Glassybaby Founder On Expanding, Beating Cancer And The Meaning Of True Wealth

'You Can't Tell A Cancer Survivor What They Need To Heal'

When Lee Rhodes started lighting candles as a comforting ritual during her battle with lung cancer, she had no clue how big the idea would become.

Rhodes is the founder of Glassybaby -- a Seattle-based company that sells a rainbow of handblown glass candleholders and donates 10 percent of its sales to helping people make ends meet while they battle life-threatening illnesses. For the past decade, the company has operated only out of its Seattle headquarters. But on Friday, it will open a location in San Francisco.

The business started when Rhodes, 32 at the time and a mother of three, was undergoing chemotherapy. Her husband, who had taken glassblowing lessons, brought home a simple glass cup as a gift. Rhodes dropped a tea candle inside and experienced what she describes as a moment of surprising peace. Soon, Rhodes was lighting the colorful candles all over the house.

“It became a ritual,” she told The Huffington Post. “Taking the 30 seconds to light the candle, experience that warmth and beauty, and just reflect was exactly that I needed.”

Rhodes started giving the candleholders to friends, and the demand grew.

“People would take them home and light them for me,” she remembered. “Soon, they started lighting them for other people and giving them away as special gifts. People started asking for more and more of them. It just kind of flowed.”

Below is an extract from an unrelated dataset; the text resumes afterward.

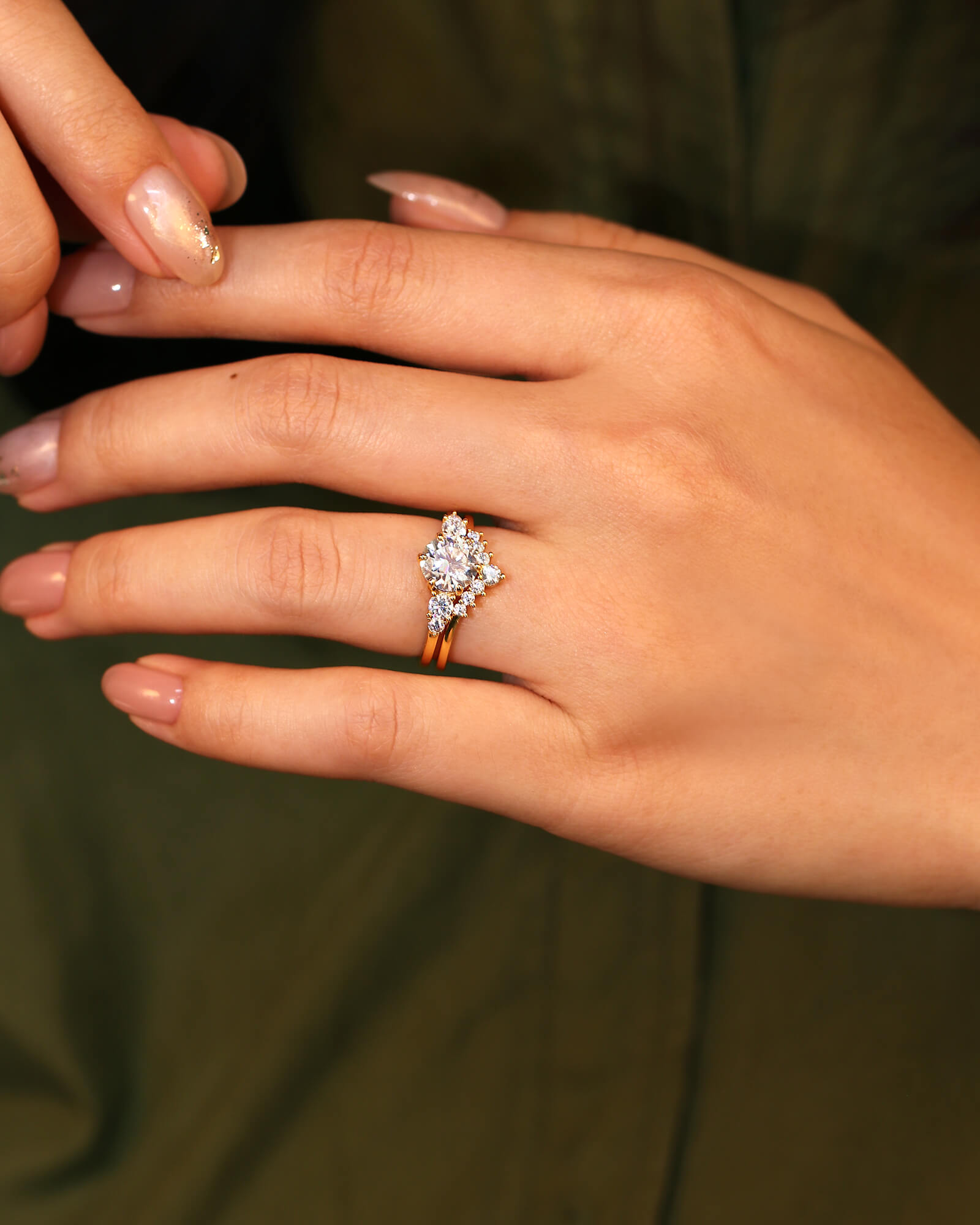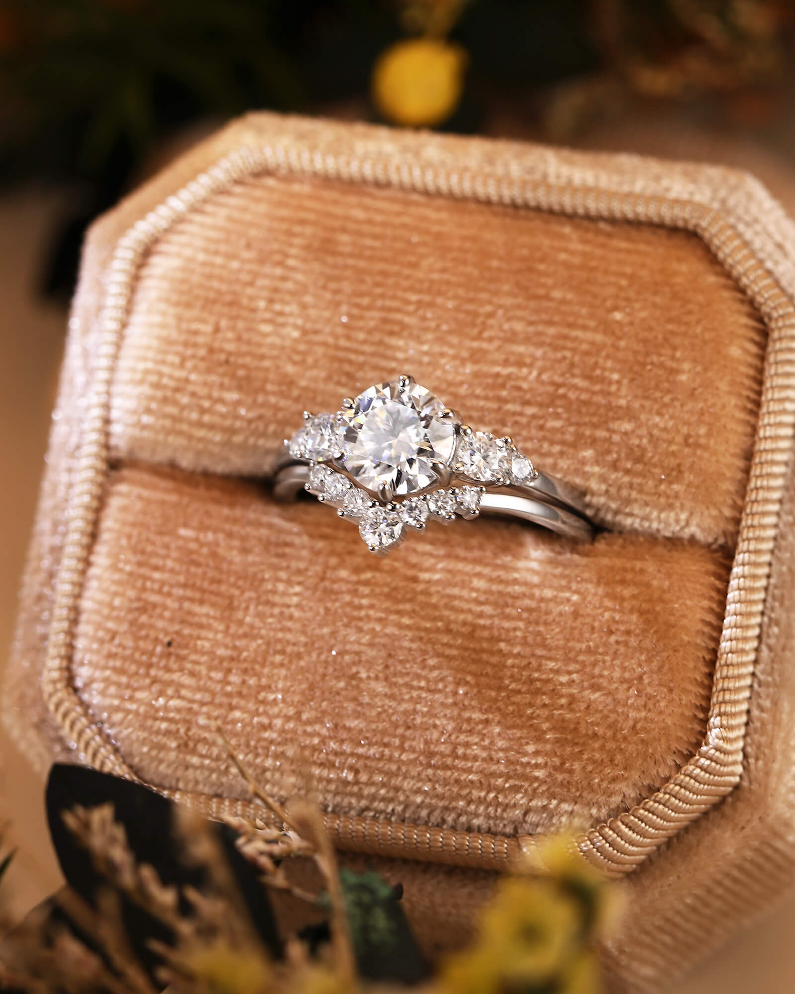 - Side Stone: Moissanite

Fifteen years later, Rhodes employs a team of Seattle-based glassblowers that makes each candleholder by hand and the company gives away 10 percent of the revenue -- a decision that, in the beginning, was a risky move.

“When we started, I can guarantee you everyone was worried about the money I was pouring into Glassybaby," Rhodes remembered. "They would say, ‘There’s no way you can sell one thing that’s made in America and give 10 percent of the sales away, no way.'"

But the decision was a no-brainer for Rhodes.

“When you’re going through chemotherapy, you really see the underbelly of what people are going through," she told HuffPost. "And one thing that really affected me was seeing people struggle to make ends meet while going through treatment."

Rhodes watched fellow patients miss chemotherapy sessions because they couldn’t afford to get there.

“It was $15 to park at treatment on top of the gas money to get there,” she said. “That’s an amount of money that I don’t even think about ... but that’s enormous for some people. Insurance may pay for treatment, but they don’t pay for groceries or laundry or missed work, or gas money and parking to get to your treatment."

The realization struck a chord. "To be honest, I was sickened that that financial barrier was something I’d never even considered. It’s hard enough just to live like that, but to try to heal when you’re worrying about that? Forget it.”

Rhodes was particularly moved after befriending a young waitress at her treatment.

“She was so darling, but one day she just stopped coming,” remembered Rhodes. “When she finally came back, she was really too sick at that point. I asked her where she’d been and she said that she couldn’t get the work off. Eventually, she passed away.”

Because of stories like these, Rhodes donates sales from Glassybaby specifically to organizations that don’t earmark how recipients can spend the funds, allowing those going through treatment to decide for themselves.

“The first thing a cancer survivor will tell you is, you can’t tell them what they need to heal,” said Rhodes. “I don’t care if you buy groceries or blue jeans or a book or a latte or pay the electric bill -- whatever you need. Our sweet spot is really the unrestricted help.”

The small business has given more than $1 million to charitable organizations dedicated to healing. With the expansion to San Francisco, Rhodes hopes to give more.

But she admits that consistently donating 10 percent of revenue makes expansion a challenge. Still, she is dedicated to maintaining the mission.

"I'm sure that we could be richer," she said. "But I don't think I could be richer in the way that's important to me."